Preti gay e lo scandalo pedofilia nella chiesa cattolica. I risultati del John Jay Report
Articolo del gesuita James Martin tratto dal sito del settimanale cattolico America, 17 maggio 2011, liberamente tradotto da Mauro F.
Il John Jay Report sui “motivi e contesti” dello scandalo sugli abusi sessuali nella Chiesa Cattolica include un risultato che probabilmente sorprenderà molti osservatori.
Come affermato da David Gibson in un articolo su Religion News Service: “I ricercatori non hanno riscontrato alcuna prova statistica per cui i preti omosessuali avrebbero commesso più abusi su minori dei preti eterosessuali.
Una scoperta che mina alla base un argomento di conversazione prediletto da molti cattolici conservatori. In base al rapporto, il numero sproporzionato di vittime di sesso maschile è da attribuirsi alle più frequenti occasioni di contatto con esse, non alle preferenze o ad una patologia.
Inoltre, i ricercatori notano che l’incremento di preti omosessuali dalla fine degli anni ’70 in avanti corrisponde effettivamente ad una “decrescita nell’incidenza degli abusi, non ad una crescita.”
Come è possibile tutto ciò, tenendo conto soprattutto del diffuso stereotipo del prete omosessuale che violenta o va in cerca di prede? Come spiegare diversamente la presenza di così tante vittime maschili?
In primo luogo, circa ogni rispettabile psicologo e psichiatra, per non menzionare la stragrande maggioranza degli studi eruditi, rifiutano con fermezza l’idea di un’associazione tra omosessualità e pedofilia, nonché di una relazione causa-effetto. Le indagini compiute a riguardo sono fin troppo numerose . La pedofilia, ci dicono gli esperti, è spesso più una questione di sessualità non sviluppata (o repressa), di potere e di vicinanza fisica (tralasciando altri complessi fattori psicologici e sociali).
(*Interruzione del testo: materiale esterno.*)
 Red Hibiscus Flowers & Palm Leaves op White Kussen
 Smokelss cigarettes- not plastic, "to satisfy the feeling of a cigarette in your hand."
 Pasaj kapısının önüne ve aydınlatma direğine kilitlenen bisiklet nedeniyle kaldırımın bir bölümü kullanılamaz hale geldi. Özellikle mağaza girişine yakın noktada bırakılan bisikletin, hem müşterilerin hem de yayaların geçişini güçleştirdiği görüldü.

Il nuovo studio del John Jay College di Giustizia Penale, intitolato “I motivi e il contesto degli abusi sessuali su minori da parte dei preti cattolici negli Stati Uniti, 1950-2010”, indica, tra le altre ragioni: la presenza di uomini emotivamente immaturi e psicologicamente instabili che fanno ingresso in seminario; la difficoltà nell’affrontare i rivolgimenti culturali in cui i preti si trovarono negli anni ’60 e ’70; e ancora, la questione della vicinanza – i ragazzi furono vittime di abusi poiché i preti avevano più probabilità di lavorare con loro che con le ragazze.
Ma, per farla semplice, essere un prete omosessuale non significa commettere simili violenze. La Conferenza Episcopale Americana ha infatti commissionato indipendentemente un altro ampio studio in seguito allo scandalo degli abusi del 2002 in America, studio già intrapreso dal John Jay College.
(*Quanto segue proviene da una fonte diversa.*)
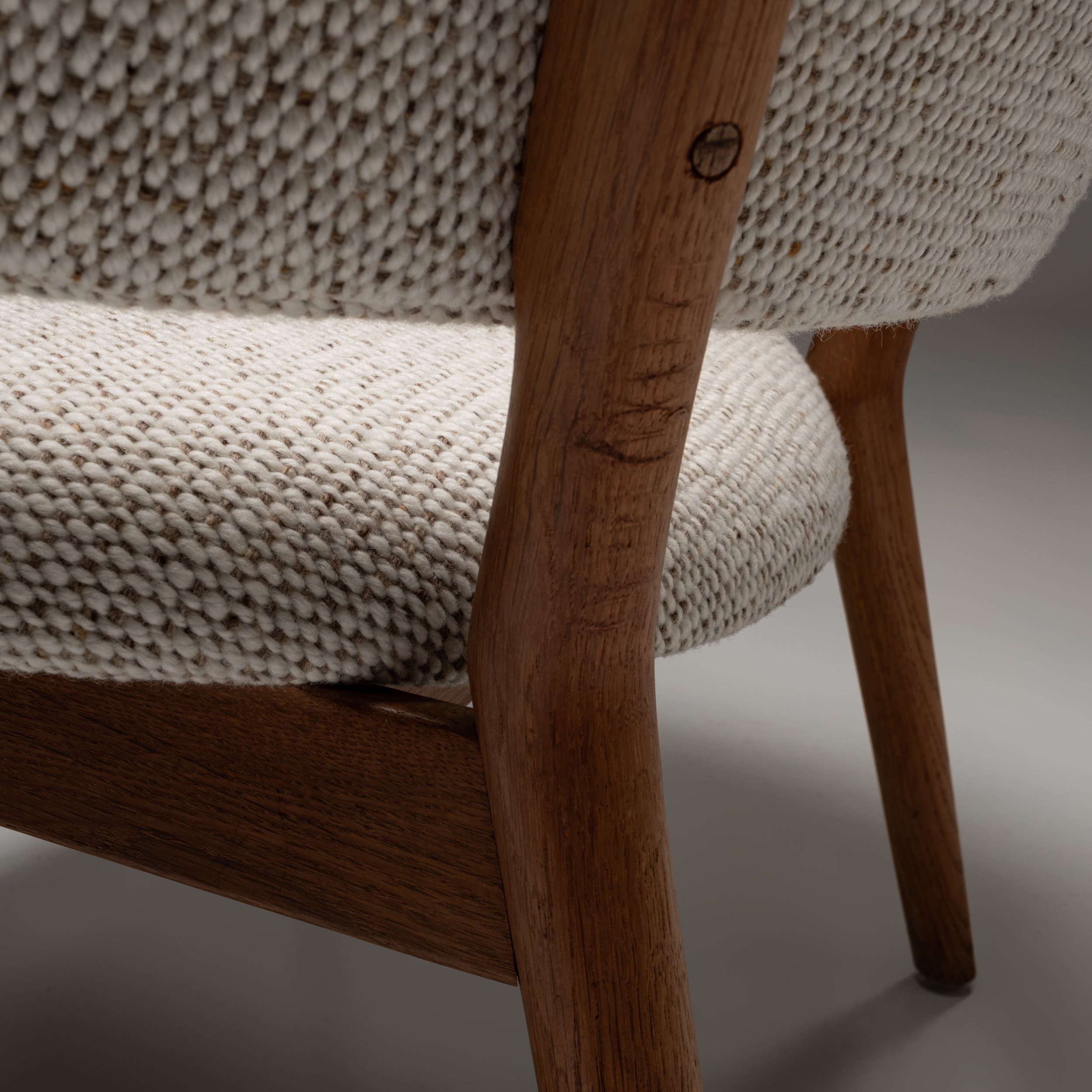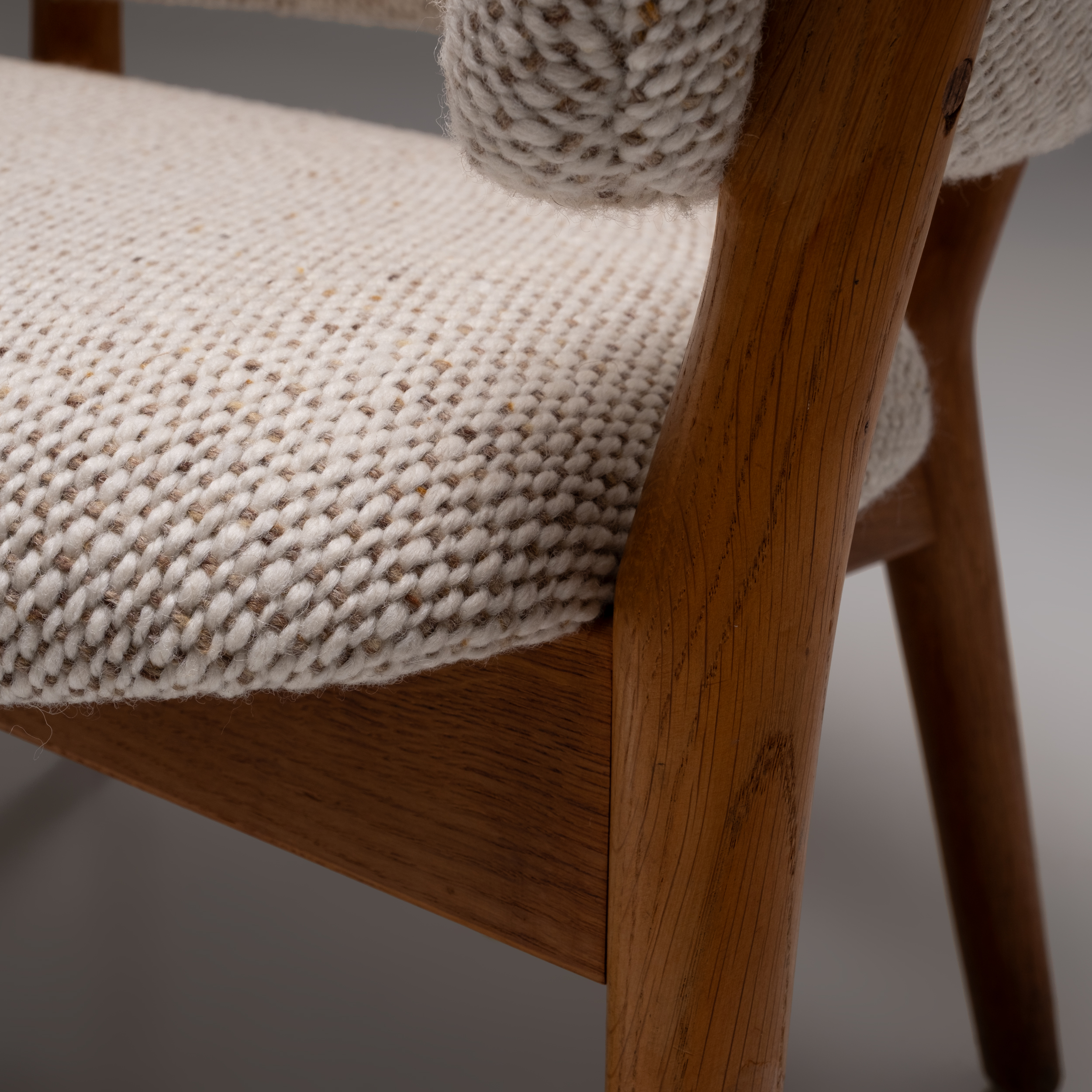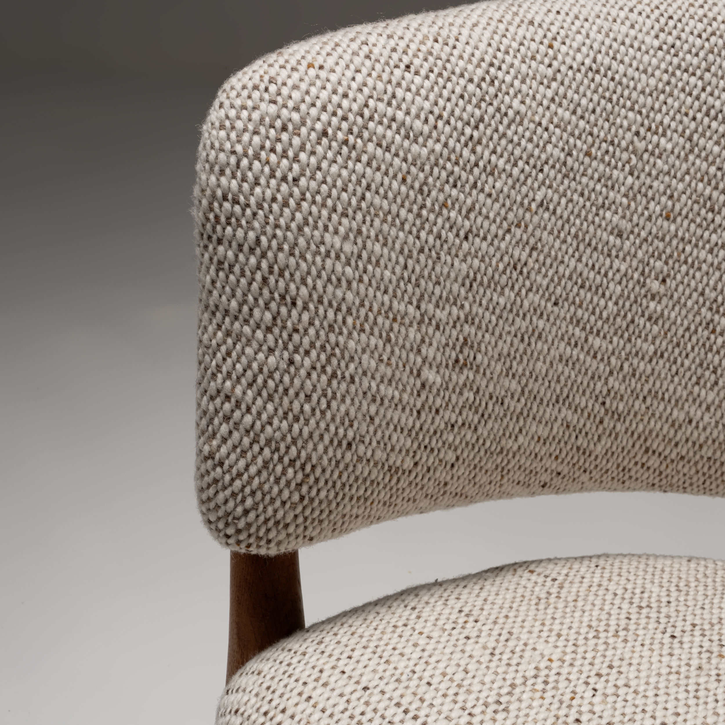 The seats and backs are upholstered in Danish hand-woven wool fabric, adding texture, warmth, and a tactile contrast to the oak. Every element of the ND-83 reflects Ditzel’s mastery of form, craftsmanship, and material harmony. A rare and timeless set that works equally well as a functional seating solution and as a collectible design statement.

Nel 2009, Margaret Smith, ricercatrice del John Jay, ha comunicato ai vescovi: “Noi sosteniamo che l’idea dell’identità sessuale debba esser e svincolata dal problema delle violenze sessuali.
A tal punto, considerando i dati attualmente a disposizione, non riscontriamo connessioni tra l’identità omosessuale e una maggiore probabilità di conseguenti abusi”.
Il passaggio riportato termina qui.